Elegant Use of Adversarial Training: Instead of using a GAN to generate images, a discriminator is employed to align feature spaces, encouraging the regressor to learn domain-invariant pose features.
This work challenges the prevailing view that "APR is merely doing image retrieval" — with sufficiently diverse synthetic data, APR can indeed perform interpolation and a degree of extrapolation on the SE(3) manifold.

Limitations & Future Work¶

Generalization on the SE(3) manifold has boundaries: when rotational perturbations are large (i.e., visual content changes entirely), the model still fails to generalize.
3DGS training without masking dynamic objects may introduce noise in highly dynamic scenes.
Hyperparameters of the progressive data synthesis strategy (perturbation range, synthesis frequency) require manual tuning for different scenes.
Extension of appearance augmentation to a broader range of environmental variations (e.g., seasonal changes, haze) remains unexplored.

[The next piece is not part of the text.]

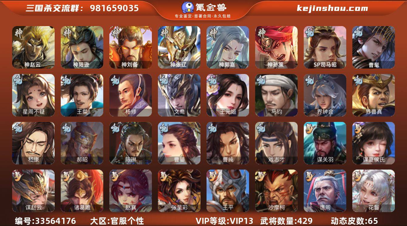 标题:S37281 【支持分期】 VIP等级:VIP13 官阶:大将军 史诗武将数量:66 动态皮肤数量:65 史诗宝珠数量:5 将魂数量:1833 雁翎数量:14252 心愿积分:9989 史诗武将(魏国):文鸯,曹髦,马钧,曹婴,王元姬,界钟会,戏志才,司马昭,势董昭,SP司马昭,星周不疑,界曹真,嵇康,杨修,陈琳,王粲,程昱,曹纯,郝昭 史诗武将(蜀国):谋关羽,谋赵云,谋夏侯氏,沙摩柯,关索,花鬟,谯周,张星彩,王平,诸葛瞻,马云禄,董允,赵襄 史诗武将(吴国):界徐盛,周处,界步练师,界朱然,吴景,贺齐,孙皓,文鸯 史诗武将(群雄):刘焉,十常侍,星董卓,谋貂蝉,界左慈,张琪瑛,许攸,麹义,司马昭,谋张角,郑玄,裴秀,界李儒,星黄忠,界沮授,张让,左慈,兀突骨,沮授,士燮,苏飞,公孙康 史诗武将(神将):神郭嘉,神孙策,神赵云,神陆逊,神张辽,神刘备 其他亮点:欢乐豆27637

DFNet and PMNet perform only pose augmentation; RAP additionally incorporates appearance augmentation and adversarial training, forming a complete "diverse data utilization" paradigm.
The appearance modeling concept from GS-W is repurposed as a data augmentation engine rather than for scene reconstruction per se.
The strategy of using an adversarial discriminator to bridge domain gaps is generalizable to other vision tasks trained on synthetic data.

Rating¶

Novelty: ⭐⭐⭐⭐ First effective application of adversarial training to bridge the synthetic-to-real domain gap in visual localization.
Experimental Thoroughness: ⭐⭐⭐⭐⭐ Four datasets (indoor/outdoor/driving/day-night) with comprehensive ablations and exploration of generalization boundaries.
Writing Quality: ⭐⭐⭐⭐ Motivation is clearly articulated; experimental design is convincing.
Value: ⭐⭐⭐⭐ Achieves substantial improvements in APR and redefines the role of data augmentation for this task.